The key point here is that the sum in the last term of the edge does not equal 1. If $w’$ corresponds to topic 1, the sum of all possible cases for $w’’$ would indeed be 1. However, since $w’$ can also be assigned to other topics, we need to account for this. As a result, the total number of edges $|E|$, which acts as a normalizing factor, is included in the denominator.
The GTRF model proposed by Li et al. (2014) is quite similar to GRF. The key difference is that the distribution of topic $z$ is now conditional on $\theta$, with the EM algorithm still being used for both learning and inference. The resulting $p_{GTRF}(z|\theta)$ represents the probability of two topics being related. In other words, it calculates whether neighboring words $w'$ and $w''$ are assigned to the same or different topics, helping to determine the probability of the graph structure.

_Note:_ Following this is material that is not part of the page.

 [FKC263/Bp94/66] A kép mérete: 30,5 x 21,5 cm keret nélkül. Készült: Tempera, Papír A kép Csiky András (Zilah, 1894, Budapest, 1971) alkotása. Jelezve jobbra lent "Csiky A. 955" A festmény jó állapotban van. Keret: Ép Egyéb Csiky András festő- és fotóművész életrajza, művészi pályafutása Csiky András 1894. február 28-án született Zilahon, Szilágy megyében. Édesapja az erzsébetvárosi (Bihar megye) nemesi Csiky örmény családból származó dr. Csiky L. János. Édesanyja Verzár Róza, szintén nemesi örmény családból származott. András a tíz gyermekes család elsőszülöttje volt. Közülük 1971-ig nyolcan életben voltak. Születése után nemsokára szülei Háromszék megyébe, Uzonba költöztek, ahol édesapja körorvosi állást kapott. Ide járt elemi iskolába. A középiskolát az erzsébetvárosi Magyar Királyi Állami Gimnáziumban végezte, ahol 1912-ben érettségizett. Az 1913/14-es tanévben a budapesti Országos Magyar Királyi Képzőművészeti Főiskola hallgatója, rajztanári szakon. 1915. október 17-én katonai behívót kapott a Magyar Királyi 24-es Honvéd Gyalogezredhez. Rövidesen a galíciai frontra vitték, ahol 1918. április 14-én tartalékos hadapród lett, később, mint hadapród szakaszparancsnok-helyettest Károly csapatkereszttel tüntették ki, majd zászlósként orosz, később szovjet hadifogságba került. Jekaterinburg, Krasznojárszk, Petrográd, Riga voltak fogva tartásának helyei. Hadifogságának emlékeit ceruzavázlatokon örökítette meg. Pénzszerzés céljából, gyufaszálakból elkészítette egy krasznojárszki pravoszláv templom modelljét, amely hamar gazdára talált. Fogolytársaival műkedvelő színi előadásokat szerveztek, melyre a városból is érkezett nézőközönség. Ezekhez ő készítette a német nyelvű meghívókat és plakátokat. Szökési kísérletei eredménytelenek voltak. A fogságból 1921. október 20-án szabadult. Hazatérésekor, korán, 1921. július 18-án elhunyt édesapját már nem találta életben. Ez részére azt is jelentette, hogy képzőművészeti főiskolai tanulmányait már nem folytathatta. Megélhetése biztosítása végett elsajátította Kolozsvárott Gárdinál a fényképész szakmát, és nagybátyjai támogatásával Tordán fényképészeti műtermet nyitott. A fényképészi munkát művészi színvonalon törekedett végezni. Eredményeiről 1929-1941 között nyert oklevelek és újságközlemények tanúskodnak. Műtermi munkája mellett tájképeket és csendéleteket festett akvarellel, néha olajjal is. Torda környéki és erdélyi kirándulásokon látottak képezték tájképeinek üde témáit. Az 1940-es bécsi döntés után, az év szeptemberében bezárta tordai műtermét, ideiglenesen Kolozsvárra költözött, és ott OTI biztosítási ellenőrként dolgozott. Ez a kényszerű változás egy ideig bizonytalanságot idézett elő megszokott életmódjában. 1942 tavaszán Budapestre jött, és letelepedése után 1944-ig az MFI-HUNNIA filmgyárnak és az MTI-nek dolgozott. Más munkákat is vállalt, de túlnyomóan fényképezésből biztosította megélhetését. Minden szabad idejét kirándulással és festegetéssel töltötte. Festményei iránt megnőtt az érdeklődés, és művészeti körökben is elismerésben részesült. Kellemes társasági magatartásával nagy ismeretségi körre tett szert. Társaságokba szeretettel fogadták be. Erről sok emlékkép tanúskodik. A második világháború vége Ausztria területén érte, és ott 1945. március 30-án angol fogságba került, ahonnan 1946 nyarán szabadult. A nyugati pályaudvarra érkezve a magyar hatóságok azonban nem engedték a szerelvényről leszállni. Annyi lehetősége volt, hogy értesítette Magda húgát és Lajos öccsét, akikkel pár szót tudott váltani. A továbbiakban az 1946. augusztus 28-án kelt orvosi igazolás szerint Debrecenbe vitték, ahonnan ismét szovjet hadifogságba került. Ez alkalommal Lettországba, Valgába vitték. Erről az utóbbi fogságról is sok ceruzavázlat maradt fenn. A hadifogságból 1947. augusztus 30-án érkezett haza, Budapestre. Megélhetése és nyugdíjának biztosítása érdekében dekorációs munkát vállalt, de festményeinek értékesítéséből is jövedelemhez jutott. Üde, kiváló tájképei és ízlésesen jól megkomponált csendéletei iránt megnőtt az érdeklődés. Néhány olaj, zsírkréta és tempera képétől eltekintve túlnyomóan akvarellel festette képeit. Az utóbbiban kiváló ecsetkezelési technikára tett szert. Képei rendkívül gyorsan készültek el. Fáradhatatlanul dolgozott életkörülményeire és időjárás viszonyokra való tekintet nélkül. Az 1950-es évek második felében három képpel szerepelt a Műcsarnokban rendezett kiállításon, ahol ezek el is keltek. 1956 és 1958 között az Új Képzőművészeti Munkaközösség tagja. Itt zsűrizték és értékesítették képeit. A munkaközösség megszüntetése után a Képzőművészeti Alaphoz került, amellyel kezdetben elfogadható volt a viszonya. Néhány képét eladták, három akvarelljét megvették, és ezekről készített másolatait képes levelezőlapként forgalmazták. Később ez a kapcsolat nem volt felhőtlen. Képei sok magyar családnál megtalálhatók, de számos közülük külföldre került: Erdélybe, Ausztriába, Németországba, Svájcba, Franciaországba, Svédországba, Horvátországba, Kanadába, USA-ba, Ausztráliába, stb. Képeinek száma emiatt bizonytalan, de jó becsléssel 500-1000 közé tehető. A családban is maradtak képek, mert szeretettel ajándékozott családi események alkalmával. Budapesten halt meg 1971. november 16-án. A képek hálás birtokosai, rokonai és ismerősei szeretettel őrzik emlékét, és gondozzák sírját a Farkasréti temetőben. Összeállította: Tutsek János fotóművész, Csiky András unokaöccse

We have reviewed the foundational keyword embedding techniques used in this study and introduced GTRF, a model that captures 'the relationships between words within topics' through graph-based representation.
Graph Neural Topic Model: Key Differences
Building on the previous discussion, let's delve into the core of this study: the Graph Neural Topic Model (GNTM). GNTM utilizes a higher-order Graph Neural Network (GNN). As illustrated in the diagram, GNTM increases the order of connections, enabling a more comprehensive understanding and embedding of complex word relationships.
Additionally, GNTM significantly reduces computational costs by utilizing Neural Variational Inference (NVI), rather than standard Variational Inference (VI), to streamline the learning process. Unlike LDA, GNTM introduces an extra step to incorporate 'graph structure' into its calculations, further enhancing efficiency.
Let’s explore the mechanism of GNTM (GTRF). The diagram above compares the calculations of GTRF and LDA side by side. As previously mentioned, GTRF learns how the structure of $z$ evolves based on the conditional distribution once $\theta$ is determined.
This may seem complex, so let’s step back and look at the bigger picture. If we assume topics are evenly distributed throughout the document, each topic will have its own proportion. We’ll refer to the parameter representing this proportion as $\alpha$.
Here, $\alpha$ (similar to the LDA approach) is a parameter that defines the shape of the Dirichlet Distribution, an extended version of the Beta distribution. The shape of the distribution changes according to $\alpha$, as shown below.
After setting the topic proportions using the parameter $\alpha$, a variable $\theta_d$ is derived to represent these proportions. While this defines the ratio, the outcomes remain flexible. Additionally, once the topic $z$ is established, the structure $G$ and word set $V$ are determined accordingly.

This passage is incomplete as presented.